Great post! I’ve found that some of these clients can be “qualified” a bit by asking them some tough questions or telling them “high-level” answers like, “for a website like that you’re looking at starting price of $25,000…” If they are serious and really want to meet after hearing that, I’m willing to meet with them; if they say, “ah, I thought it was gonna be more like $600,” I wish them the best.

Sometimes they’ll even have the gall to say, “…well my brothers neighbors cousins friends dogs groomer can build me a site for a few hundred bucks just like that”. I chuckle and tell them I’ll be here when they need my services :)

Thanks again for the reminders. I think it will inspire a post of my own about the subject.

Melissa Fach

Michael, yep! Get lots of those!
Travis, I have done the exact same thing!
Nate, I can’t tell you how many times I have heard about these great sites someone’s brother or sister’s son built :) Thanks!

Conrad O'Connell

Oh, man, this is the worst with PPC.

Always a battle of clients meddling in their accounts, changing bids, keywords and match types around while then claiming you don’t know what you’re talking about. Then, they do all the above while you’re pulling your hair out on everything you do for them.

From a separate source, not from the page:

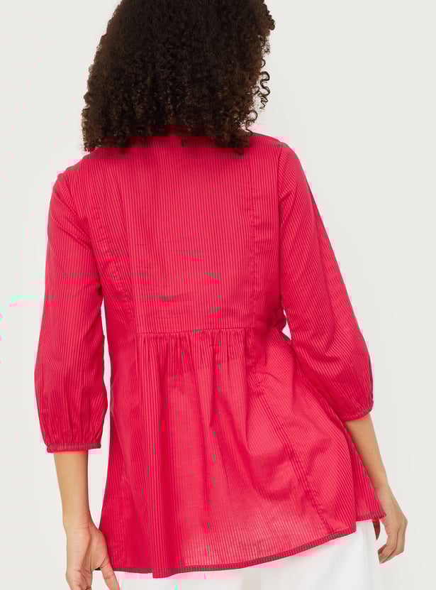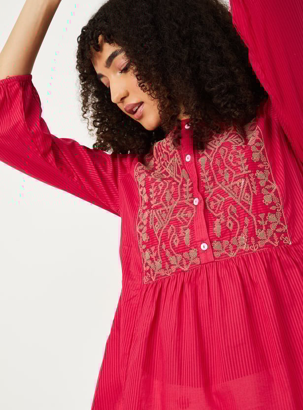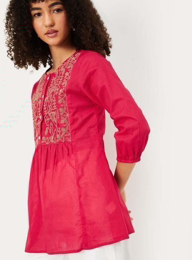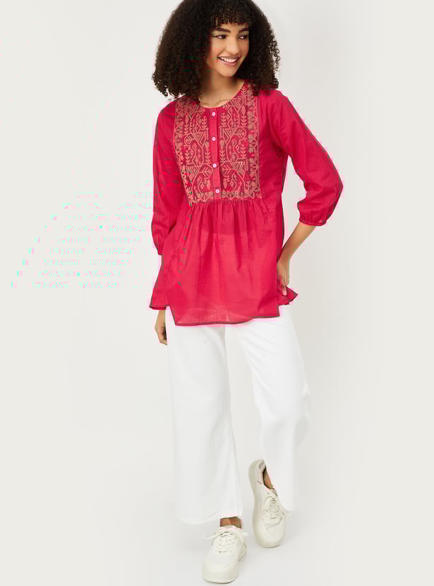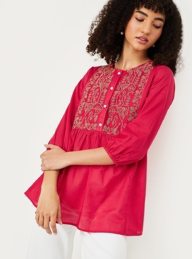 Elevate your everyday look with this embroidered yoke tunic. Featuring a round neckline and three-quarter sleeves, it’s adorned with delicate embroidery at the yoke, adding a touch of elegance to its simple silhouette.

Ugh, any interest for a place where we all vent about terrible things that clients do? It’d be great to vent sometimes!

Adam @ Agua Web

Though there are really problem clients, sometimes the challenge is worth taking on the task to help you grow yourself as a business professional.

BrettASnyder

So many of these points feel like they should be common sense but it’s amazing how easy it is to forget them when the allure of “new business” takes over. What has worked for me in the past is having an internal checklist of qualitative items that I assess as part of my first impression. Can I help them, given their goals AND their personality? Do they have the resources to accomplish what they want even w/ my help? Is this a product that I would actually use, which translates into is this a product I can honestly stake my reputation on (which is what you’re doing in a lot of ways when you consult).

To #4 I’d also add that you need to know what you’re worth and stick to that. Know if/when you’re willing to discount your rates and what your criteria are for doing so (the client “not having enough budget” isn’t a reason). This is your business, not a charity. My favorite line of this whole post was the comment about wasting time that can otherwise be spent on paying clients…but remember it is also time that can be spent with your family, getting healthier (working out, sleeping better, etc.), or preventing burnout.

Love the insights as always Melissa, thanks for sharing!